At the beginning of the novel, Chappie seems to be a menacing teenager with a drug problem. After stealing his grandmother’s coin collection to finance his drug habit, he is confronted by Ken and his mother. This leads to him running away without bravely facing the consequences. His need to run away from home reveals his anti-hero weakness and lack of direction. The habit of running away from problems instead of facing them plays out again at times throughout the story. Chappie is quite clueless when trying to come up with a way to take care of himself and ends up “dependent on Russ” (Banks 57). Chappie’s decision to depend on Russ for shelter and an endless supply of marijuana thrusts him into another undesirable situation.
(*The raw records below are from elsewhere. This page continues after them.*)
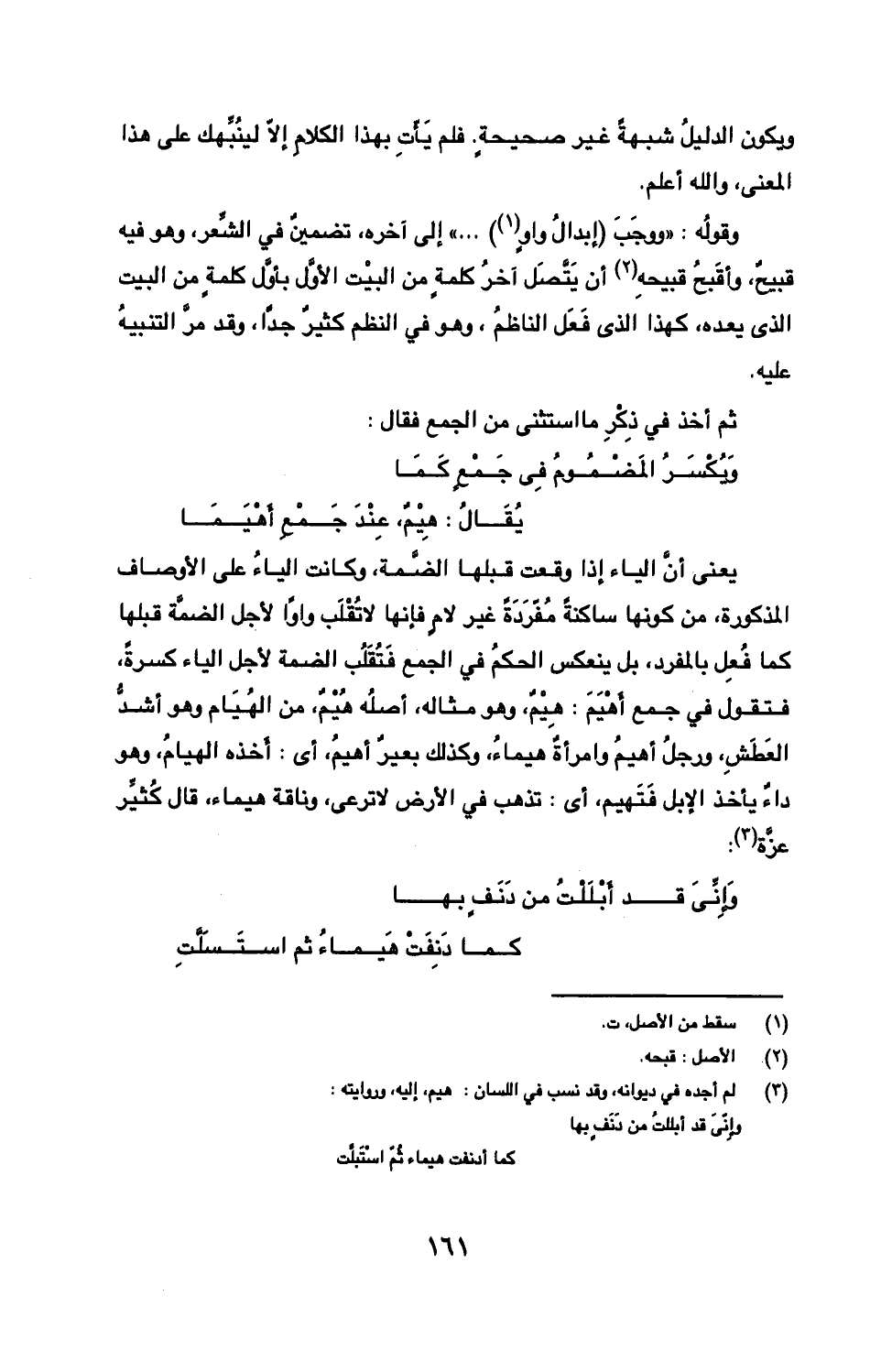 يعني أن الياء إذا وقعت قبلها الضمة، وكانت الياء على الأوصاف المذكورة، من كونها ساكنة مفردة غير لام فإنها لا تقلب واوا لأجل الضمة قبلها كما فعل بالمفرد، بل ينعكس الحكم في الجمع فتقلب الضمة لأجل الياء كسرة، فتقول في جمع أهيم: هيم، وهو مثاله، أصله هيم، من الهيام وهو أشد العطش، ورجل أهيم وامرأة هيماء، وكذلك بعير أهيم، أي: أخذه الهيام، وهو داء يأخذ الإبل فتهيم، أي: تذهب في الأرض لا ترعى، وناقة هيماء، قال كثير عزة: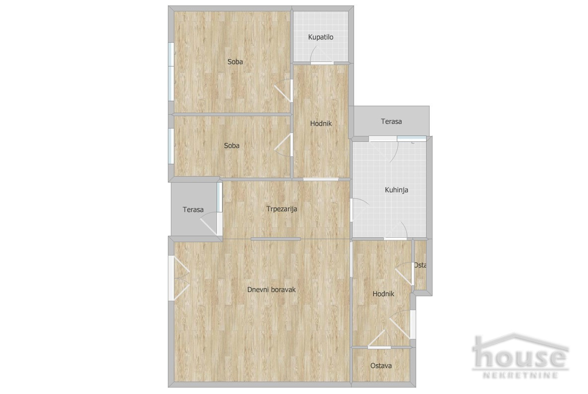 ID: 1065039 - Agencijska oznaka - 1065039 - CENA 235 000e + 3% agencijska provizija. Uknjižen trosoban sta na Limanu 1. Sastoji se od dnevne sobe, odvojene kuhinje sa trpezarijom, dve spavaće sobe, kupatila, dodatnog toaleta, ostave i terase. Veća (ljubičasta)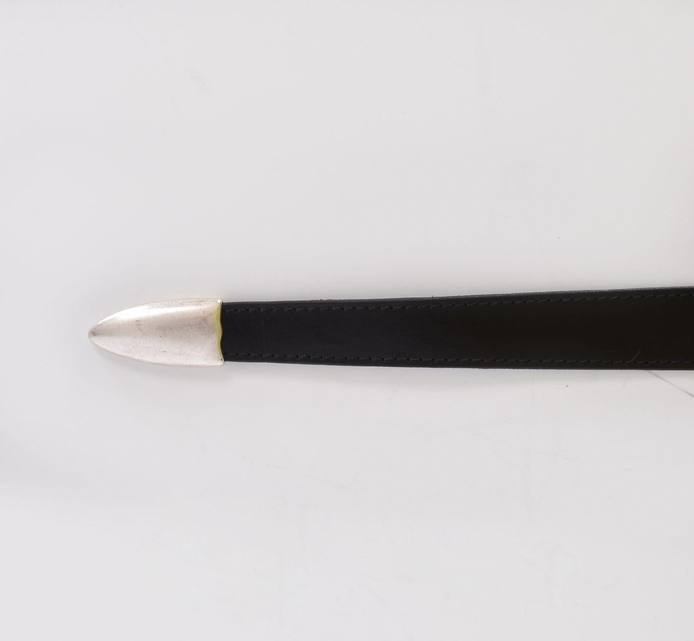 Cintura in pelle opaca modello sottile, fibbia e fondo punta in nichel. Colore nero. Larghezza 2,5 cm. Made in Italy.

He lives in constant fear of the violent bikers that Russ has for roommates. This fear and tendency to betray those he is closest too rears its ugly head again when he protects himself by revealing the truth about the stolen electronics to the bikers. At this point in the story, Chappie is still trying to make his way and find his identity. His betrayal of his then best friend Russ can be attributed to his lack of loyalty and self-respect. However, this is not the only time Chappie shows a lack of loyalty to Russ. When Russ shows up in Jamaica, Chappie chooses to duck “down behind the fat lady selling the oranges and peek out under her table at him” (Banks 382). Russ was there for Chappie when he needed a place to crash, but Chappie once again shows his anti-hero qualities here even after all that he has learned in the past year.

Chappie also shows this anti-hero quality with I-Man when he catches him having sex with Evening Star. He tells his father about it, but he knew “it was wrong and [Chappie] knew it as soon as [he] did it” (Banks 301). I-Man was someone that Chappie considered one of his best friends and at that time the most important adult in his life yet he still chose betrayal.

One still likes Chappie and cheers him on because his life started so sad and had continued to bring some seriously devastating situations. Even though Chappie has displayed some anti-hero qualities throughout the past year, he still shows growth much like a hero would. He has learned to love and respect a few people. Oddly enough it is not those that one would expect him to choose to love. Chappie “saw clearly for the first time that loving Sister Rose and I-man and even Bruce had left [him] with riches that [he] could draw on for the rest of his life” (Banks 384). Perhaps these few people he has found within himself to love showed him qualities that he will try to improve in himself. The anti-hero in him has somehow met a piece of the hidden hero.